Web applications are evolving away from serving templated HTML and towards being split into an API backend and a static HTML or JavaScript frontend. This repository studies the trade-offs between multiple python webapp architectures for the modern API backend. In trying fastapi, I am attempting to address three problems with Django WSGI:

  • Because of the GIL, multi-threading is just a way to avoid blocking and achieve concurrency, and so operating systems threads do not lead to true parallelism. Thus asyncio and coroutines, with parallism using multiple pre-forked processes and horizontal scaling.
  • Without asyncio, the problems of managing database connections are made worse as we parallelize though multiple processes – the drivers are not built so that multiple processes can share database connections, and so pursuing parallelism through multiple processes introduces issues with connection pooling. I think AWS RDS Proxy (or pgbouncer) are good solutions here, but would like to improve things on the application side.
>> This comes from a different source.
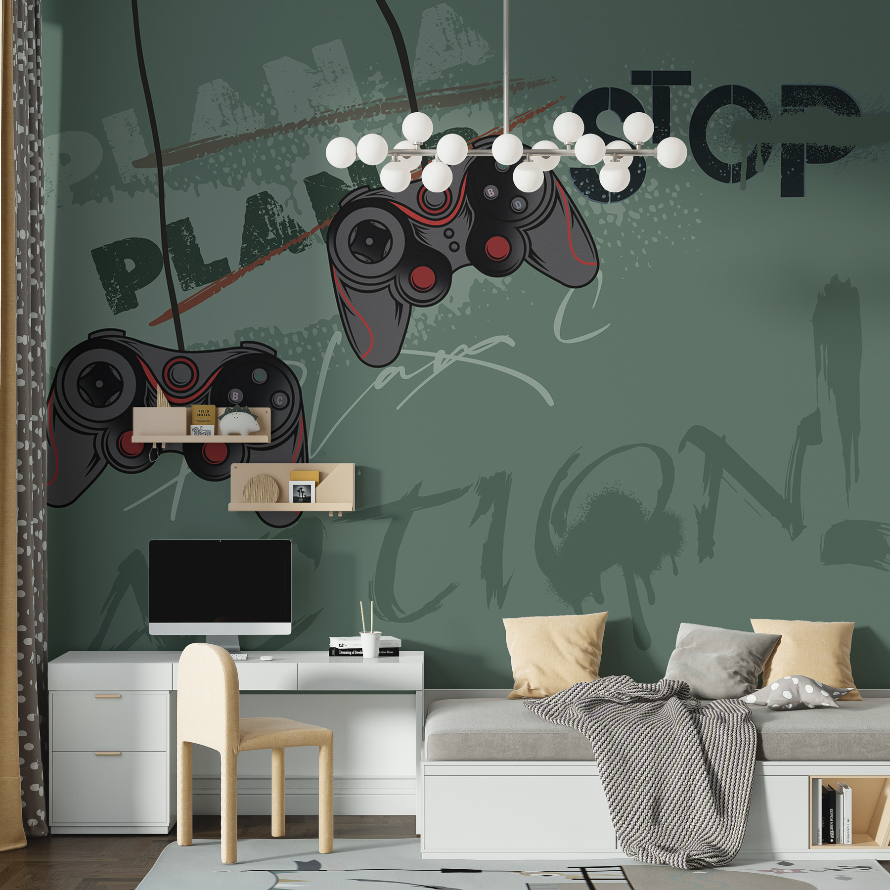 Añada un toque de energía lúdica a su espacio con este mural de pared “Mando de videojuegos”. Perfecto para el estudio de cualquier jugador, la habitación de un adolescente o un rincón peculiar de la casa. Los atrevidos mandos parecen saltar de la pared, capturando esa emoción infinita de encender un nuevo juego. Imagina a tus amigos entrando y sintiendo al instante ese subidón nostálgico.

Oracle DRCP addresses this for Oracle, but is not implemented at my workplace.
  • The Django ORM is great for developers who don’t want to think about the database and don’t know SQL, but every ORM is a "leaky abstraction". The best ORMs are aware of this, and strive to write very much like SQL to enable transfer learning. Django's ORM doesn’t fall into this camp.

Another nice to have which seems less essential to me is to have API schema generation and validation baked into the architecture. This is why fastapi is the async framework I am trying here. I know how to do this well with Django, and will reproduce the steps in the django implementation here. All of these will follow the tenets of the twelve factor app.

Implementations

Each of the sub-directories implements one combination of layers. One of these implementations will be a control cases:

  • java-spring - this combines Java/Spring 5/Spring boot and uses Liquibase to manage the schema

The following implementations are test cases:

  • django - combines gunicorn + uvicorn for Async scaling, djangorestframework, Django, and psycopg-binary.
  • fastapi-asyncpg - Combines fastapi, starlette, pydantic, and asyncpg.
  • fastapi-orm-asyncpg - Combines fastapi, starlette, pydantic, sqlalchemy ORM, and asyncpg

Additional data points in future:

  • fastapi-aiopg - Since aiopg is pure Python, we will test with pypy.
  • golang-bun - Combines golang with the leading Go ORM - bun

API

  • /version - tests basic response time
  • /fibanacci/<number> - tests what happens in asyncio when a tight computation is hit
  • /contacts/ - retrieves a list of contacts. This is carefully controlled so that it is paged, can be filtered by last name, and requires 3 queries per page, always.
  • /contacts/<id> - retrieves one contact - also requires 3 queries per result.
  • /types - returns the contact types. This is a smaller amount of JSON, and so JSON rendering should be less important. This is also a single SQL statement rather than involving joining and prefetching of related table data.

Hypothesis

My thinking is based on an analysis of aiopg vs asyncpg. With aiopg, the API calls for the use of an async for to return rows from a cursor. asyncpg has a different architecture where the connection.fetch method hides all concurrency for a block of data behind a single asynchronous coroutine:

records = await connection.fetch(sql, *params)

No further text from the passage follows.